Stattdessen kommt eine Studie, in der das Verhältnis von Polizei und Gesellschaft untersucht wird. Schon heute kündigt der Innenminister an, dass es dabei auch um Hass und Gewalt gegen die Polizei gehen soll. Womit er die Polizei schon im Vorfeld in die allseits beliebte Opferrolle steckt.

Als zusätzliche Blendgranate zündet Seehofer die Verkündung einer allgemeinen Studie zu Rassismus in der Gesellschaft. Diese Studien gibt es allerdings schon lange: etwa die Heitmeyer-Studie zur gruppenbezogenen Menschenfeindlichkeit oder die Mitte-Studie. Diese Studien kommen für die Gesamtgesellschaft in den letzten 20 Jahren zum Schluss, dass zwischen einem Zwölftel bis Viertel der Bevölkerung in Deutschland rassistische oder fremdenfeindliche Ansichten haben.

Polizei ist kein Querschnitt der Bevölkerung

Nun ist die Polizei nicht der Querschnitt der Bevölkerung und es ist leider davon auszugehen, dass sich in ihr qua der Natur und Struktur der Sicherheitsbehörden mehr Personen mit einem autoritären (und damit oftmals rassistischen oder rechtsradikalen) Weltbild finden als im Rest der Gesellschaft. Darauf deuten auch Wahlentscheidungen von Polizist:innen aus Österreich (1, 2), Frankreich und Griechenland (PDF) hin, die immer signifikant mehr rechtsradikale Parteien wählten als die Gesamtgesellschaft.

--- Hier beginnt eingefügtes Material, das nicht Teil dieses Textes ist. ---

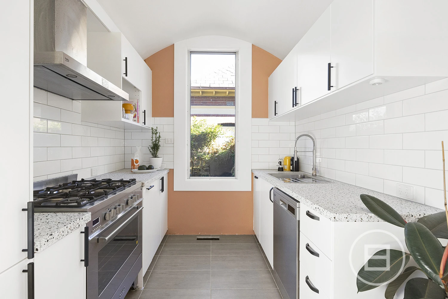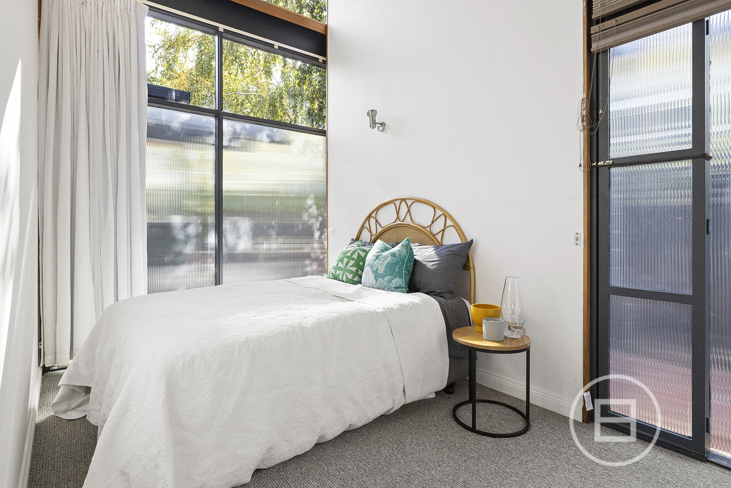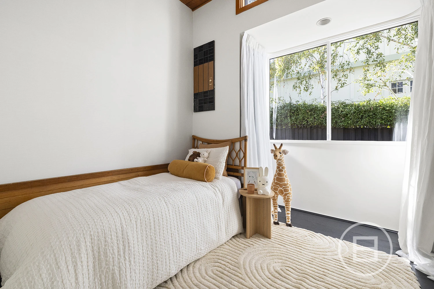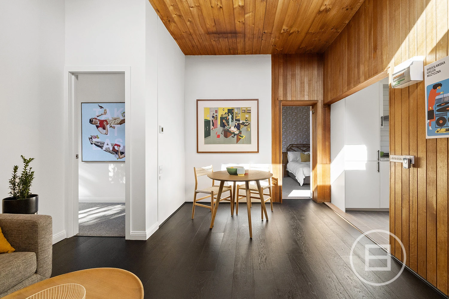 ‘Judy’, set behind a high front fence and overlooking a serene private garden, offers three bedrooms plus a study nook and features an interior defined by original teak timber panelling, bespoke wallpapers, and floor-to-ceiling windows. The layout includes a large kitchen and meals area, a spacious living room, a main bedroom with built-in robes and ample storage, a second bedroom with a study nook, a third bedroom, and a main bathroom with laundry and additional storage. Brand new carpet and timber floors, high-end kitchen appliances, gas ducted heating, a new heating system, air conditioning, a dishwasher, two private entrances, and a private courtyard with an established garden complete the offering. Two undercover car spaces are also included.

Seehofer will offenbar mit allen Mitteln vermeiden, dass am Ende rauskommen könnte: Wir haben ein empirisch belegtes Polizeiproblem. Dass herauskommen könnte: Wir haben bei der Polizei mehr Rassismus als bei den Lehrern, Bäckern oder Facharbeitern. Deswegen diskreditiert der Innenminister jedes Untersuchungsdesign, das Fragen zu Rassismus stellt, einfach als „Unterstellungen und Vorwürfe“.

Seehofer hantiert mit Zahlen ohne Belege

Für Seehofer stehen „über 99 Prozent“ der Polizistinnen und Polizisten auf dem Boden des Grundgesetzes. Woher diese Zahl stammt, die übrigens immer noch die Existenz tausender bewaffneter Verfassungsfeinde im Staatsapparat zulassen würde, lässt sich nicht rekonstruieren. Eine Studie zur Verfassungstreue unter Polizist:innen existiert nämlich nicht.

Das Innenministerium verweist auf den Lagebericht „Rechtsextremisten in Sicherheitsbehörden“ des Verfassungsschutzes, der jedoch nur eingeleitete Verfahren gegen Beamte berücksichtigt und Seehofers Aussage nicht wirklich untermauert. Das Dunkelfeld dürfte in den Polizeiapparaten, in denen Korpsgeist herrscht, deutlich höher sein als die paar hundert Fälle, in denen wirklich eingeschritten wurde.

Stattdessen geht Seehofer in die Offensive und erhebt die Polizist:innen gar zum „Grund für die Stabilität unserer Demokratie und unseres Rechtsstaates“. Bedingungslos heißt es weiter: „Die Polizei kann sich darauf verlassen, dass wir als Politik hinter ihr stehen.“ Es ist eben jene Heiligsprechung, die einem verantwortungsvollen, kritischen, kontrollierenden und demokratischen Umgang mit der Polizei entgegensteht.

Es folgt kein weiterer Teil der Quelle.